Selon Gilles Duceppe, «c'est pire que des mots mystères. Il y a des chiffres pour les numéros de pages, puis c'est à peu près tout. Ce n'est pas ce qu'on a demandé, et on n'acceptera pas ça».

Même réaction ulcérée chez les libéraux. «On a le même problème qu'on a depuis longtemps, et c'est qu'on n'a pas les documents nécessaires, a indiqué Bob Rae. On a des documents qui sont en noir. On ne sait pas ce qu'il y a là-dedans.»

Son collègue Ujjal Dosanjh a dénoncé le fait «qu'en trois mois et demi, le gouvernement n'a pas eu le temps de traduire les documents, ni de faire des copies. La réponse d'aujourd'hui est totalement incohérente et désordonnée, c'est comme une poule sans tête». La consultation des documents faite par Le Devoir en fin de journée montre des mémos souvent caviardés, parfois illisibles, présentés sans logique apparente. Certains documents remontent à 2006.

Ces documents feront partie de la liste de ceux que l'ancien juge Frank Iaccobucci devra réviser dans les prochains mois. M. Iaccobucci a été nommé par le gouvernement pour passer en revue la censure pratiquée par les fonctionnaires et déterminer si elle est justifiée ou pas: il fera rapport de son travail au ministre de la Justice.

Milliken réfléchit

Le coup d'éclat passé, l'opposition a rappelé hier trois fois plutôt qu'une que la question de privilège soulevée la semaine dernière — elle dit que le refus du gouvernement de donner au comité sur l'Afghanistan tous les documents non censurés constitue un outrage au Parlement — est toujours active. Le président de la Chambre, Peter Milliken, doit décider si l'attitude du gouvernement représente une atteinte au privilège de la Chambre avant qu'une motion formelle puisse être déposée.

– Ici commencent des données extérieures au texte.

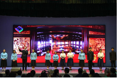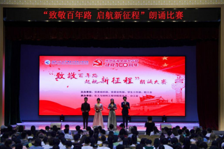 (通讯员 郭咪咪 熊雨奔)为庆祝党的百年华诞,感悟革命先辈的家国情怀,传承红色基因,启迪广大师生智慧,营造上下一心,同谋美好未来的良好氛围,2021年5月10日18:30,由邮电与信息工程学院党委组织部、党委宣传部、学生工作部、院工会主办,化工与材料工程学院党总支、分工会承办的“致敬百年路 启航新征程”主题朗诵比赛在大礼堂隆重举行。邮电与信息工程学院副院长欧阳琼,相关职能部门、二级学院负责人及师生代表共计1100余人出席观看比赛。湖北省朗诵协会会长蒋晓兮老师,学院党委组织部部长李佩君老师,武汉工程大学副教授孙雯老师,高级工程师王忠惠老师、曾德海老师,化工与材料工程学院党总支书记胡培老师受邀担任本次朗诵比赛评委。8个二级学院党总支、分工会,机关党总支、分工会及流芳校区直属党支部等10个单位参赛。
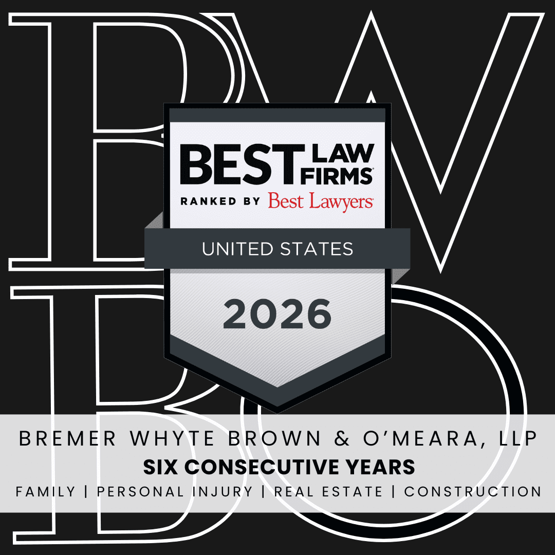 Bremer Whyte Brown & O’Meara, LLP is proud to announce its inclusion in the 2026 edition of Best Law Firms® in the United States, receiving national and regional rankings across multiple practice areas for the sixth consecutive year. National Tier 3 o Construction Law Regional Tier 1: Orange County o Family Law o Personal Injury Law...

Au bureau de M. Milliken, on indiquait hier ne pas savoir quand le président tranchera. Avant de prendre sa décision, il tient à entendre les trois ministres visés par la démarche — Rob Nicholson, Peter MacKay et Lawrence Cannon. Or, aucun de ceux-ci ne s'est manifesté pour l'instant, et le président n'a pas fixé de date limite, précise-t-on.

À Ottawa, des rumeurs laissent entendre que si M. Milliken permet à l'opposition de déposer une motion d'outrage au Parlement — la Chambre aurait alors les pleins pouvoirs pour imposer la sanction qu'elle désire —, les conservateurs pourraient décider de transformer l'enjeu en un vote de confiance susceptible de plonger le pays en élections.

Par ailleurs, le comité spécial sur l'Afghanistan recevait hier le ministre des Affaires étrangères, Lawrence Cannon, venu faire rapport des avancées de la mission canadienne sur le terrain. En reprenant les grandes lignes du septième rapport trimestriel déposé la semaine dernière, M. Cannon a souligné les points positifs de la mission, mais a aussi reconnu que les progrès sont lents et «moins grands que ce que l'on souhaite».

Brièvement interrogé sur les risques de torture courus par les détenus transférés, M. Cannon a affirmé que le protocole de transfert en place a permis de régler les problèmes observés en 2006.